- AI is rapidly shifting from a corporate technology choice to a matter of national sovereignty, as productivity, GDP, and data control increasingly depend on a country’s chosen AI models and deployment strategies.
- At the World Government Summit, experts emphasized that in the next 3–5 years, every nation must decide the level of control they want over their own productivity and GDP through AI.
- AI is viewed as a core productivity engine, making the choice of technology a matter of long-term national interest rather than just a technical issue.
- Open-source models are seen as a clearer path for governments to ensure transparency, as they allow full visibility into system operations and easy customization for local needs.

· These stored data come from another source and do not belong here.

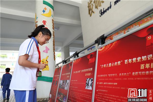 記者首先來到羅湖區(qū)翠北實(shí)驗(yàn)小學(xué),主題展板位于學(xué)校一樓大廳,有很多同學(xué)會在下課的時間來這里觀看學(xué)習(xí)。學(xué)校社工邱女士參與設(shè)計本次活動的時候想到,黨史對孩子們比較遙遠(yuǎn),想要讓孩子們深入學(xué)習(xí)就不能用大人的方式死板教條的灌輸,要調(diào)動孩子們的積極性,讓孩子們自己做“小講師”。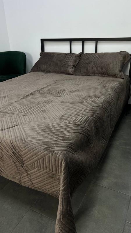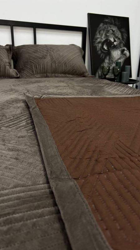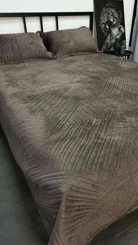 Покривало має ворсисту, оксамитову на дотик поверхню, досить щільний і дуже м'який. До складу входять натуральні та синтетичні волокна — 50% бавовна, 50% поліестер. Синтетичні нитки підвищують міцність і довговічність тканини. Натуральні волокна в складі тканини забезпечують повітропроникність і гіпоалергенність, не викликають шкірних подразнень. У процесі експлуатації покривало з велюру не сідає, мало мнеться й не розтягується.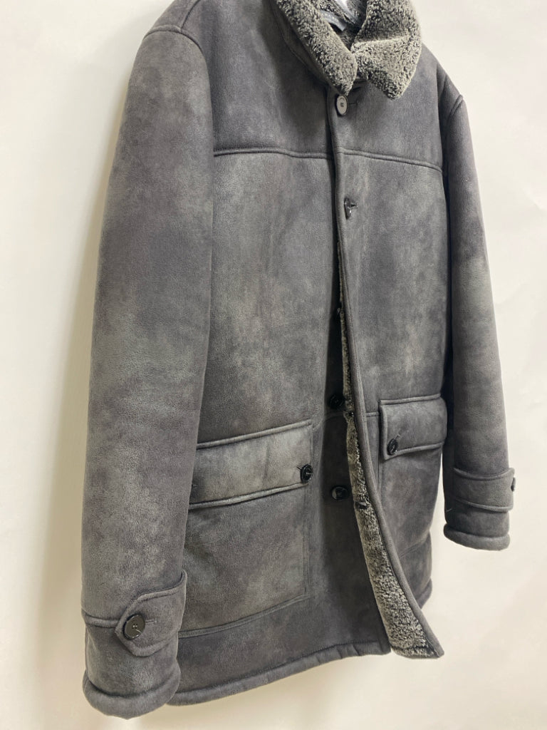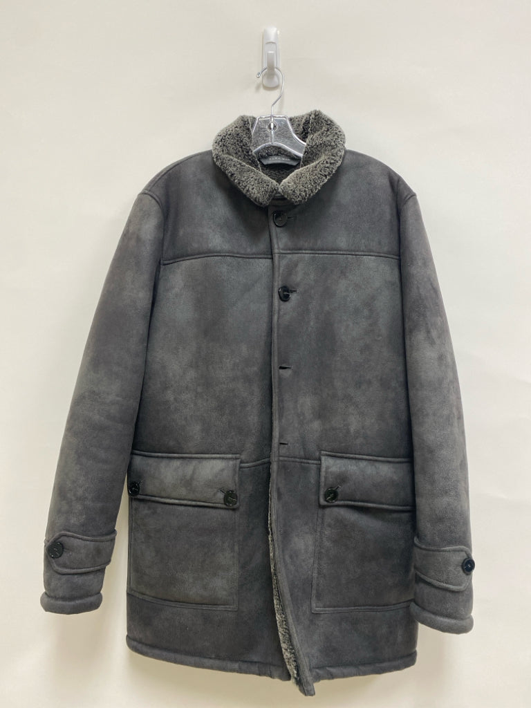 Zara Size XL Dark Gray Button Up Faux Fur Collar Men's Coat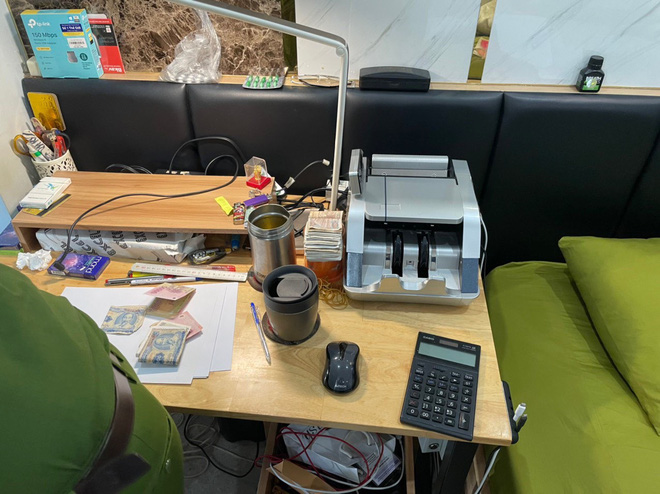 Tại hiện trường, công an thu giữ nhiều ĐTDĐ, laptop, máy tính tiền, thẻ ngân hàng, gần 1 tỷ đồng tiền mặt, 14.100 USD và một số đồ vật, tài liệu liên quan đến việc ghi lô, số đề.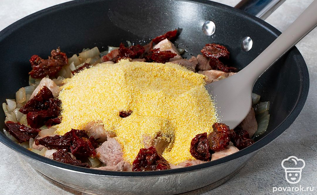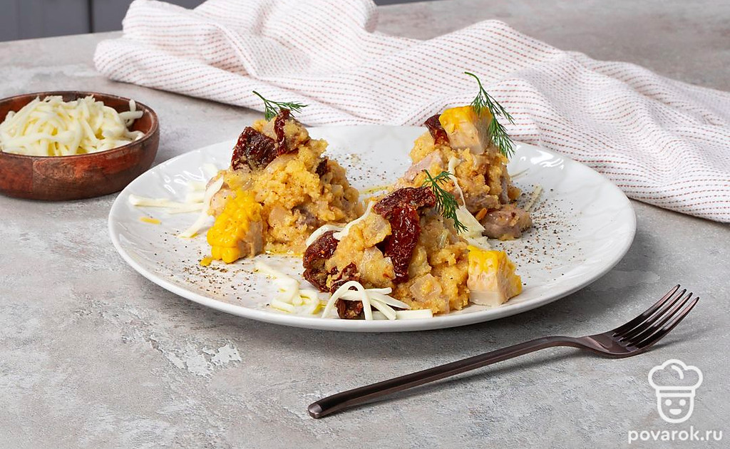Кашу из кукурузы чаще всего готовят на молоке на завтрак, но любителям оригинальных блюд в итальянском стиле понравится каша из кукурузы с вялеными помидорами, которые добавят в блюдо настоящую изюминку и пикантность. Возьмите магазинные томаты или приготовьте самостоятельно. Предстать блюду во всей красе поможет и правильно сваренная кукурузная каша. Поэтому приготовьте посуду с толстым дном, соблюдайте соотношение крупы с водой 1:3 и запаситесь хорошим настроением.

- Joseph Tsai noted that open source is particularly attractive to nations prioritizing data sovereignty, as it allows AI to be deployed entirely on domestic infrastructure.
- Post-training and running inference on open-source models empower governments with full ownership and control, eliminating dependency on original providers.
- In China, the open-source trend stems from economic reality: SaaS models do not scale effectively, forcing developers to prioritize usage over direct monetization.
- The AI economy is shifting from software to infrastructure: cloud services, data centers, and massive computing power have become the primary profit drivers.
- Even with open source, AI still requires electricity, batteries, specialized materials, data, and massive capital, making the government’s coordinating role increasingly vital.
- The “AI bubble” debate is being re-evaluated, as current investments resemble historic infrastructure waves that leave long-term value despite unclear initial returns.
📌 Conclusion: AI is becoming a new pillar of national sovereignty, directly linked to productivity, data, and economic power. Within the next 3–5 years, governments must choose suitable AI models, with open source emerging as a tool for technological control and independence. However, the true value of AI lies not just in software but in computing infrastructure, energy, and public investment, redefining the role of the state in the AI era.